Auto Context Management for LangGraph Agents

Status: 🟢 In-use Category: Configuration & Prompts Date: November 5, 2025

Overview

All LangGraph agents now have automatic message compression to prevent context length exceeded errors. This system automatically trims old messages when the conversation history grows too large, ensuring agents can run indefinitely without hitting token limits.

The Problem

LangGraph agents use a MemorySaver checkpointer to maintain conversation history across requests. Over time, this history accumulates:

  • User messages
  • Agent responses
  • Tool calls and results
  • System messages

Eventually, the total tokens exceed the model's context window (e.g., 128K tokens for GPT-4), causing errors:

openai.BadRequestError: Error code: 400 - This model's maximum context length is 128000 tokens.
However, your messages resulted in 186014 tokens...

The Solution

The BaseLangGraphAgent now includes automatic message trimming that:

  1. Counts tokens before each request using the tiktoken library
  2. Detects overflow when tokens exceed the configured threshold
  3. Trims old messages while preserving:
    • System messages (always kept)
    • Recent N messages (configurable)
  4. Updates checkpointer to remove trimmed messages

This happens transparently - no code changes required in agent implementations!

Configuration

Provider-Specific Defaults

The system automatically sets appropriate context limits based on your LLM provider:

ProviderContext WindowDefault LimitSafety Margin
azure-openai128K100K28K (22%) for tools + response
openai128K-200K100K28K+ (22%+) for tools + response
aws-bedrock (Claude)200K150K50K (25%) for tools + response
anthropic-claude200K150K50K (25%) for tools + response
google-gemini1M-2M800K200K+ (20%+) for tools + response
gcp-vertexaiVaries150KConservative default

How it works: The agent detects your LLM_PROVIDER environment variable and automatically sets an appropriate MAX_CONTEXT_TOKENS limit with safety margin for tools and response generation.

Environment Variables

Control the behavior via environment variables:

VariableDefaultDescription
LLM_PROVIDERazure-openaiLLM provider (determines default context limit)
ENABLE_AUTO_COMPRESSIONtrueEnable/disable auto-trimming
MAX_CONTEXT_TOKENSprovider-specificMaximum tokens before trimming (auto-set per provider)
MIN_MESSAGES_TO_KEEP10Minimum recent messages to always keep

Example Configurations

Default (Auto-Detected from Provider)

# docker-compose.yml
services:
agent-github-p2p:
environment:
- LLM_PROVIDER=azure-openai # Automatically uses 100K token limit
- ENABLE_AUTO_COMPRESSION=true
# MAX_CONTEXT_TOKENS not set - uses provider default (100K)

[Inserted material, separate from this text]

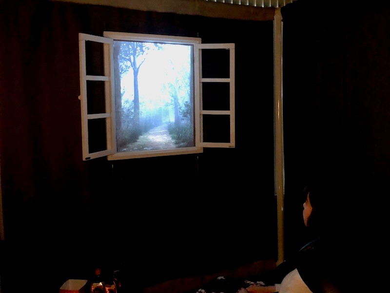 スクリーンには森林が徐々に暗くなって行く映像が数分間上映。監修した林教授によると、睡眠前は副交感神経の活動を優位にすることが必要とのこと。ストーリー性が強くない、自然をモチーフにした連続性のある映像を見ることでリラックスしやすくなるという。

Using AWS Bedrock (Claude)

services:
agent-github-p2p:
environment:
- LLM_PROVIDER=aws-bedrock # Automatically uses 150K token limit
- ENABLE_AUTO_COMPRESSION=true
# MAX_CONTEXT_TOKENS not set - uses provider default (150K)

Using Google Gemini (Large Context)

services:
agent-github-p2p:
environment:
- LLM_PROVIDER=google-gemini # Automatically uses 800K token limit
- ENABLE_AUTO_COMPRESSION=true
# MAX_CONTEXT_TOKENS not set - uses provider default (800K)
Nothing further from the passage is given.